» Task to carry out
Omit the pictures and output every entry below exactly as written.

» Data listing
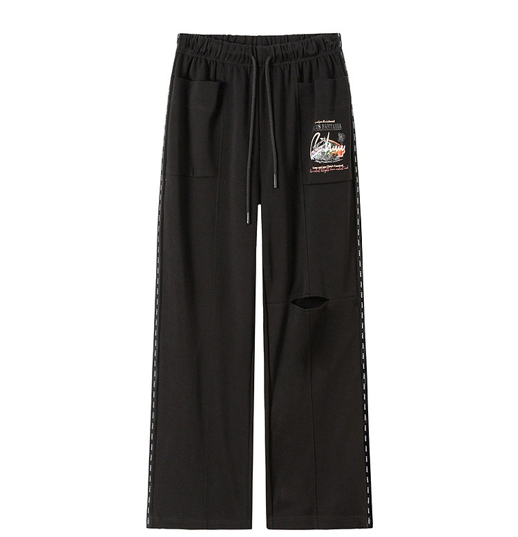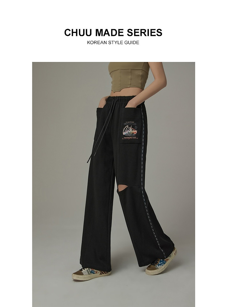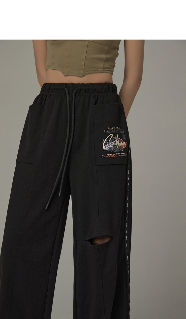 商品名称:字母印花休闲裤女夏松紧腰系带宽松阔腿裤子 504979
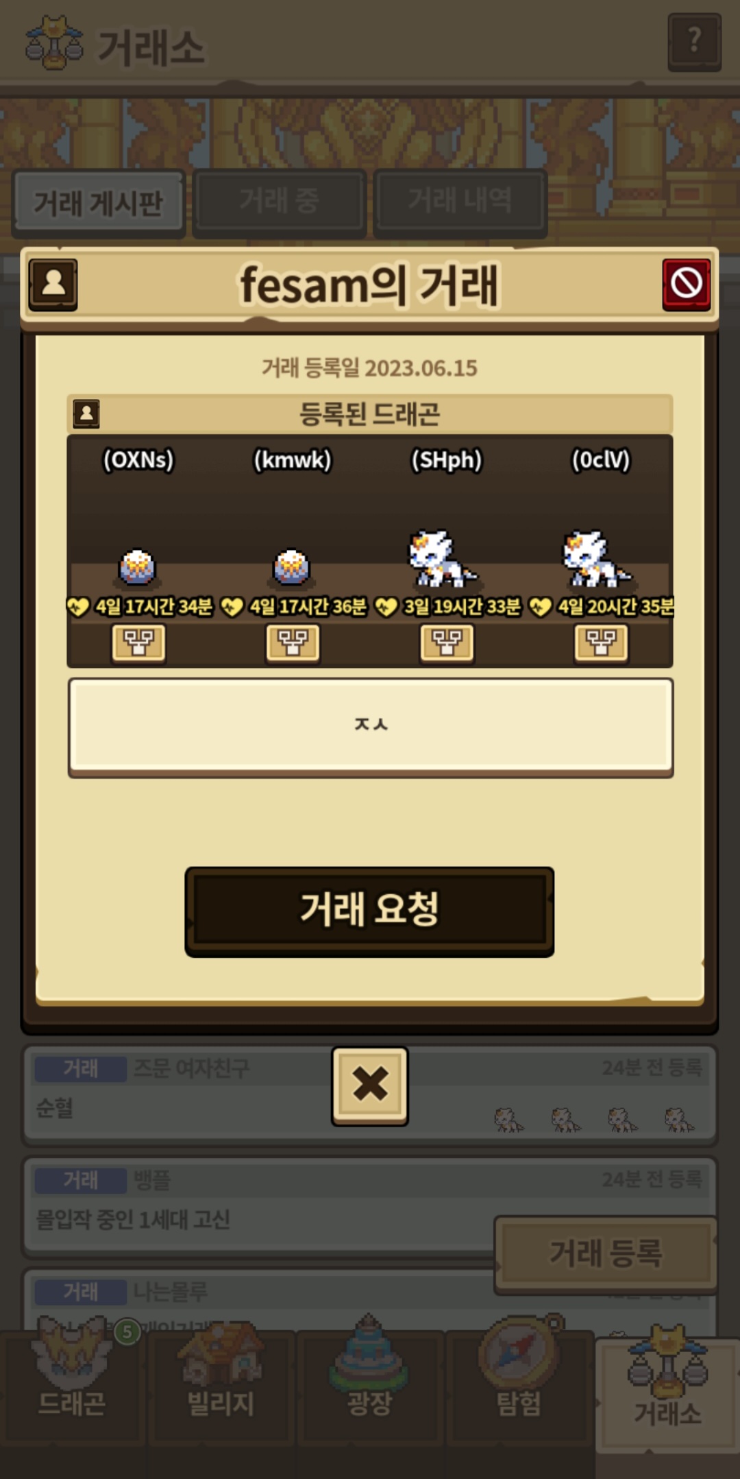 매크로로 고대신룡 1세대 다 빼앗아 먹은 것도 모자라 교배 한 뒤 부계정에 옮겨서 당당히 거래소에 올리는 짓까지 하시네요.
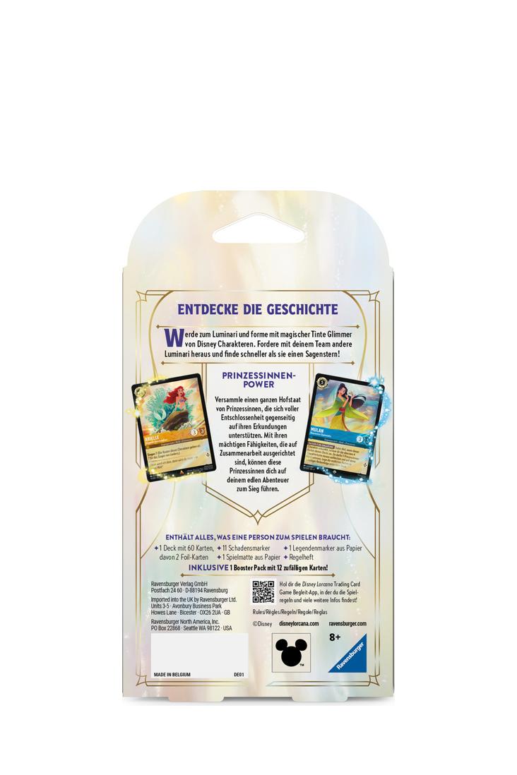 Um Disney Lorcana zu spielen, benötigen alle Mitspielenden ein Deck mit sechzig Karten. Starter Decks enthalten ein vorgefertigtes Deck mit einem festgelegten Kartensatz. Wenn du noch nicht damit vertraut bist, dein eigenes Deck zu bauen, ist das ausgewogene und vom Lorcana Team getestete Starter Deck die ideale Basis.
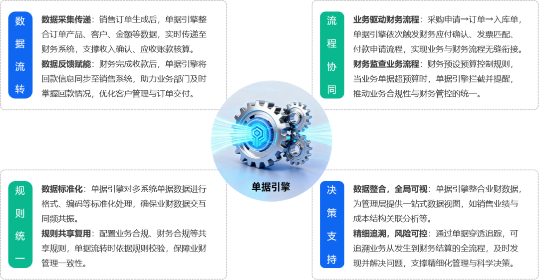 单据引擎是实现业财一体的关键枢纽,从多方面推动业务与财务的深度融合。
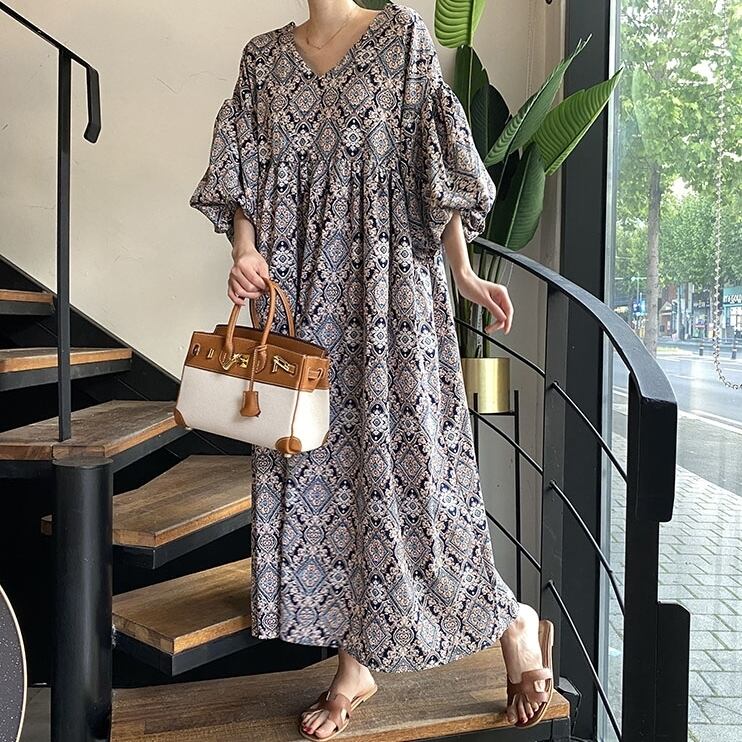 ワンピース レディース 春夏 秋冬 春 夏 秋 冬 エスニック柄ワンピース 大きめ ワンピース リゾート Vネック 半袖 ロングワンピース ゆったり 丈 ロング マキシワンピース ロングワンピース ビッグスリーブ ランタンスリーブ 体型カバー 楽チン ネイビー ブラック リゾートワンピ 海 プール オフィスカジュアル きれいめ OL 10代 20代 30代 40代 C-OSS0038
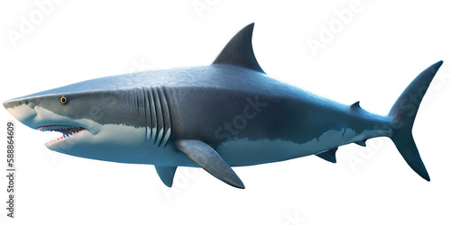 Fototapeta premium big shark, side view, isolated background. Generative Ai
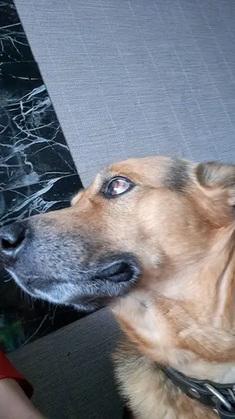 Ласковая,вроде есть след от ошейника,очень ухоженный,буд то домашний
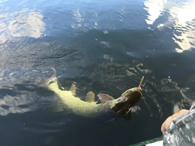 Сделав рядовой бросок спиннингом, я увидел спину щуки с эффектом дельфина, жадно бросившуюся за блесной, и тут же почувствовал удар. Думаю, села да села, сейчас мы ее немножко умотаем и покажем ей «коготь орла». (Это когда подводишь щуку к лодке и резко берешь руками за жаберные крышки, в этот момент она не дергается и ее без проблем можно извлечь из воды. Термин пришел в наш рыболовный словарный запас от Егора). Но не тут-то было, она и не думала сдаваться, это перетягивание шнура со щукой продолжалось минут семь. Я начинаю понимать, что рыба далеко не рядовая. Говорю Егору, чтобы был во всеоружии и готовился помогать. Рука начала сильно уставать. И что самое интересное, волнение в этот момент полностью отсутствовало, а истерика, наоборот, начиналась. Я не мог остановиться от хохота. Быстро взглянул на часы — борьба продолжалась уже 15 минут. Егор, бросив все, пристально наблюдая за мной, сидел и ждал поражения щуки в этой смертельной схватке. Мой смех не прекращался. Через 20 минут мы увидели эту рыбину. В воде она казалась килограммов на семь, но подтянув ближе к борту и втащив в лодку, поняли, что это самая большая щука из ныне пойманных нами. Она оказалось реально здоровенной, я не мог поверить своим глазам и рыбацкому счастью. Безмен был под рукой: контрольный замер «крокодила»… и ура, товарищи, победа налицо — 9 килограммов.
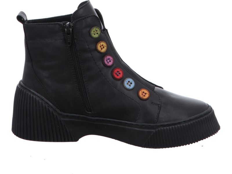 Der Gemini Damen Boot in Schwarz bringt Farbe in die graue Jahreszeit. Gefertigt aus weichem Rindsleder und verziert mit bunten Knopf-Applikationen, ist dieser Boot ein echter Hingucker. Die geriffelte Plateau-Laufsohle verleiht dem Schuh nicht nur einen modischen Akzent, sondern sorgt auch für ein angenehmes Laufgefühl. Dank der herausnehmbaren textilen Innensohle ist Komfort garantiert, während der Elastikeinsatz sich perfekt an Ihre Fußform anpasst. Der seitliche Reißverschluss und die praktische Schlaufe am Schaft erleichtern das An- und Ausziehen.
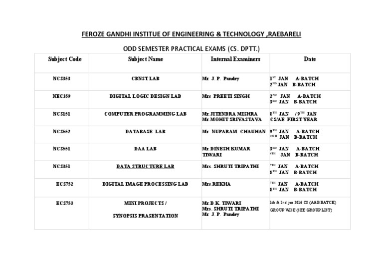 Subject Code Subject Name Internal Examiners Date
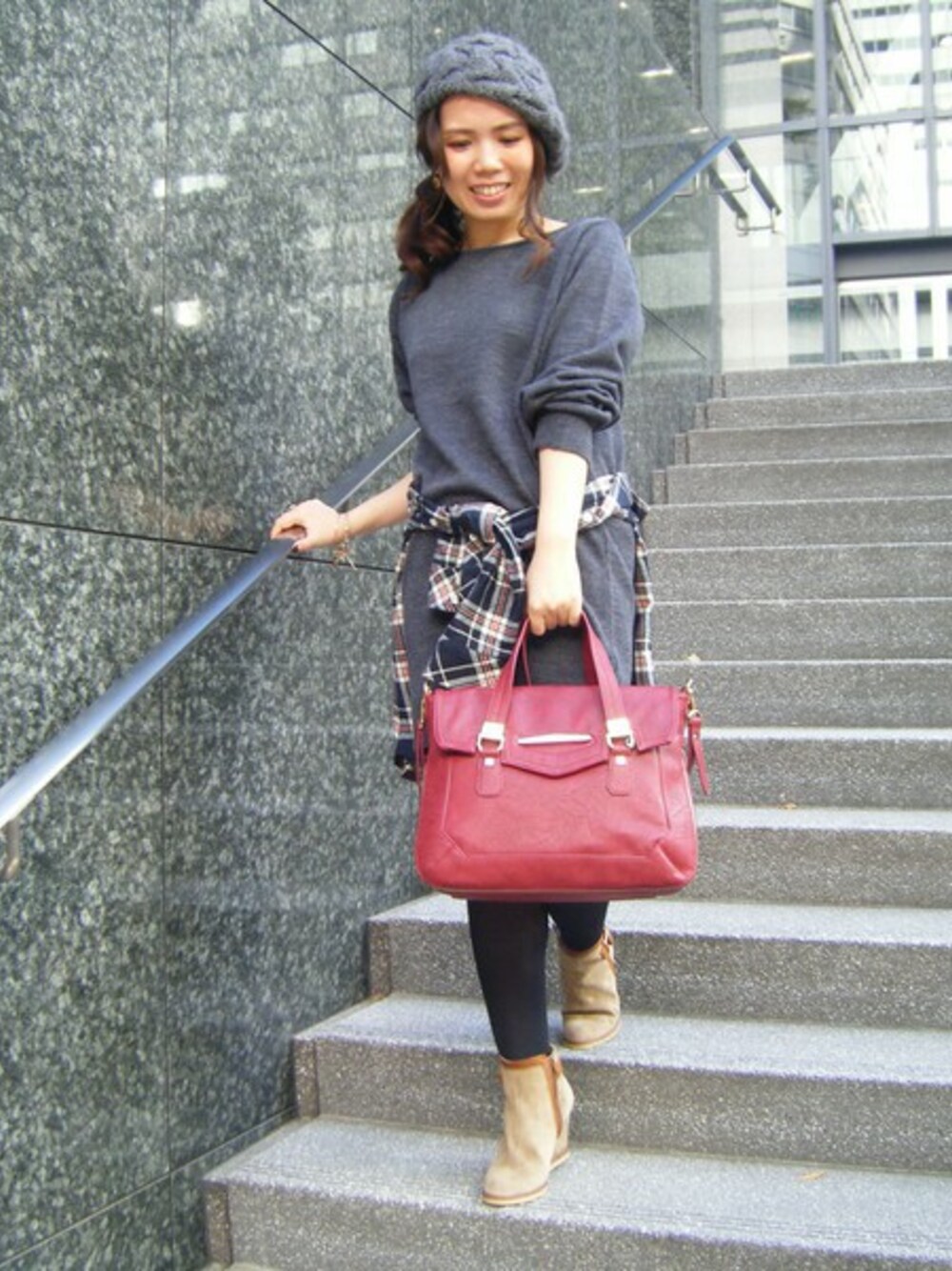 シンプルなニットワンピースにトレンドのチャックシャツを腰に巻いた、今年らしいコーディネート♪ かっちりめなバッグやシューズを合わせて、こなれた印象のカジュアルスタイルに。 【DANIELLE NICOLE】のバッグをカラーアクセントに効かせました。
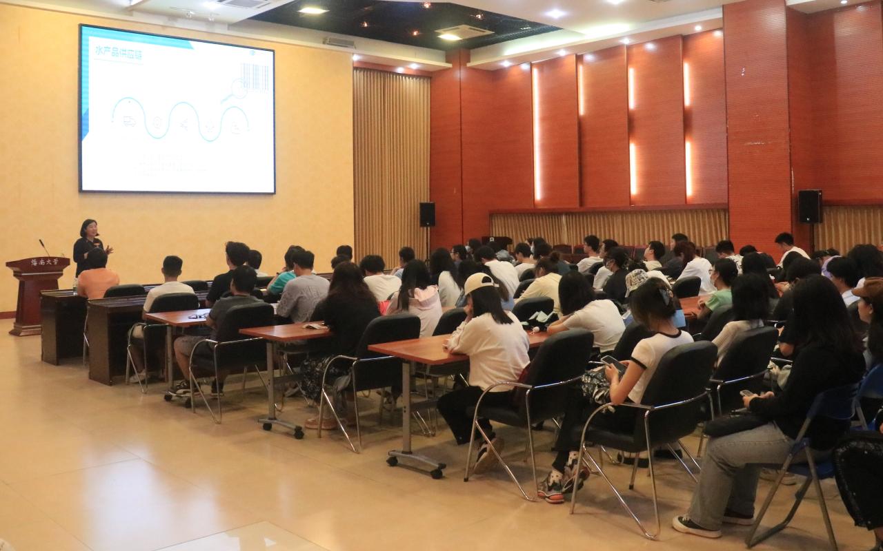 韩寒从先“为何关注渔业,为何需要公益组织”两个角度科普海洋科学与人文知识,引导同学们思考人海关系。韩寒讲述了其创立海南智渔可持续科技发展研究中心,关注渔业、渔村和渔民的“三渔”问题,服务基层政府、行业组织加强水产供应链和渔业社区公共治理,赋能渔民社区转型发展的实践故事,倡导大家践行“生态赶海”,助力实现“海豚生生不息,我们年年有渔”的美好愿景。
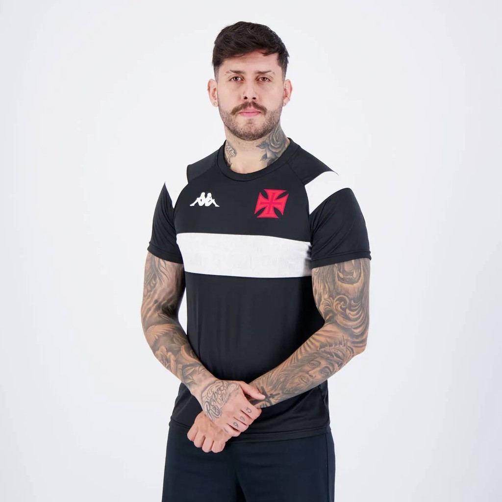 Camisa Kappa Vasco Supporter Cuts Preta e Branca 99 Vegetti

» Output for this exercise
 商品名称:字母印花休闲裤女夏松紧腰系带宽松阔腿裤子 504979
 매크로로 고대신룡 1세대 다 빼앗아 먹은 것도 모자라 교배 한 뒤 부계정에 옮겨서 당당히 거래소에 올리는 짓까지 하시네요.
 Um Disney Lorcana zu spielen, benötigen alle Mitspielenden ein Deck mit sechzig Karten. Starter Decks enthalten ein vorgefertigtes Deck mit einem festgelegten Kartensatz. Wenn du noch nicht damit vertraut bist, dein eigenes Deck zu bauen, ist das ausgewogene und vom Lorcana Team getestete Starter Deck die ideale Basis.
 单据引擎是实现业财一体的关键枢纽,从多方面推动业务与财务的深度融合。
 ワンピース レディース 春夏 秋冬 春 夏 秋 冬 エスニック柄ワンピース 大きめ ワンピース リゾート Vネック 半袖 ロングワンピース ゆったり 丈 ロング マキシワンピース ロングワンピース ビッグスリーブ ランタンスリーブ 体型カバー 楽チン ネイビー ブラック リゾートワンピ 海 プール オフィスカジュアル きれいめ OL 10代 20代 30代 40代 C-OSS0038
 Fototapeta premium big shark, side view, isolated background. Generative Ai
 Ласковая,вроде есть след от ошейника,очень ухоженный,буд то домашний
 Сделав рядовой бросок спиннингом, я увидел спину щуки с эффектом дельфина, жадно бросившуюся за блесной, и тут же почувствовал удар. Думаю, села да села, сейчас мы ее немножко умотаем и покажем ей «коготь орла». (Это когда подводишь щуку к лодке и резко берешь руками за жаберные крышки, в этот момент она не дергается и ее без проблем можно извлечь из воды. Термин пришел в наш рыболовный словарный запас от Егора). Но не тут-то было, она и не думала сдаваться, это перетягивание шнура со щукой продолжалось минут семь. Я начинаю понимать, что рыба далеко не рядовая. Говорю Егору, чтобы был во всеоружии и готовился помогать. Рука начала сильно уставать. И что самое интересное, волнение в этот момент полностью отсутствовало, а истерика, наоборот, начиналась. Я не мог остановиться от хохота. Быстро взглянул на часы — борьба продолжалась уже 15 минут. Егор, бросив все, пристально наблюдая за мной, сидел и ждал поражения щуки в этой смертельной схватке. Мой смех не прекращался. Через 20 минут мы увидели эту рыбину. В воде она казалась килограммов на семь, но подтянув ближе к борту и втащив в лодку, поняли, что это самая большая щука из ныне пойманных нами. Она оказалось реально здоровенной, я не мог поверить своим глазам и рыбацкому счастью. Безмен был под рукой: контрольный замер «крокодила»… и ура, товарищи, победа налицо — 9 килограммов.
 Der Gemini Damen Boot in Schwarz bringt Farbe in die graue Jahreszeit. Gefertigt aus weichem Rindsleder und verziert mit bunten Knopf-Applikationen, ist dieser Boot ein echter Hingucker. Die geriffelte Plateau-Laufsohle verleiht dem Schuh nicht nur einen modischen Akzent, sondern sorgt auch für ein angenehmes Laufgefühl. Dank der herausnehmbaren textilen Innensohle ist Komfort garantiert, während der Elastikeinsatz sich perfekt an Ihre Fußform anpasst. Der seitliche Reißverschluss und die praktische Schlaufe am Schaft erleichtern das An- und Ausziehen.
 Subject Code Subject Name Internal Examiners Date
 シンプルなニットワンピースにトレンドのチャックシャツを腰に巻いた、今年らしいコーディネート♪ かっちりめなバッグやシューズを合わせて、こなれた印象のカジュアルスタイルに。 【DANIELLE NICOLE】のバッグをカラーアクセントに効かせました。
 韩寒从先“为何关注渔业,为何需要公益组织”两个角度科普海洋科学与人文知识,引导同学们思考人海关系。韩寒讲述了其创立海南智渔可持续科技发展研究中心,关注渔业、渔村和渔民的“三渔”问题,服务基层政府、行业组织加强水产供应链和渔业社区公共治理,赋能渔民社区转型发展的实践故事,倡导大家践行“生态赶海”,助力实现“海豚生生不息,我们年年有渔”的美好愿景。
 Camisa Kappa Vasco Supporter Cuts Preta e Branca 99 Vegetti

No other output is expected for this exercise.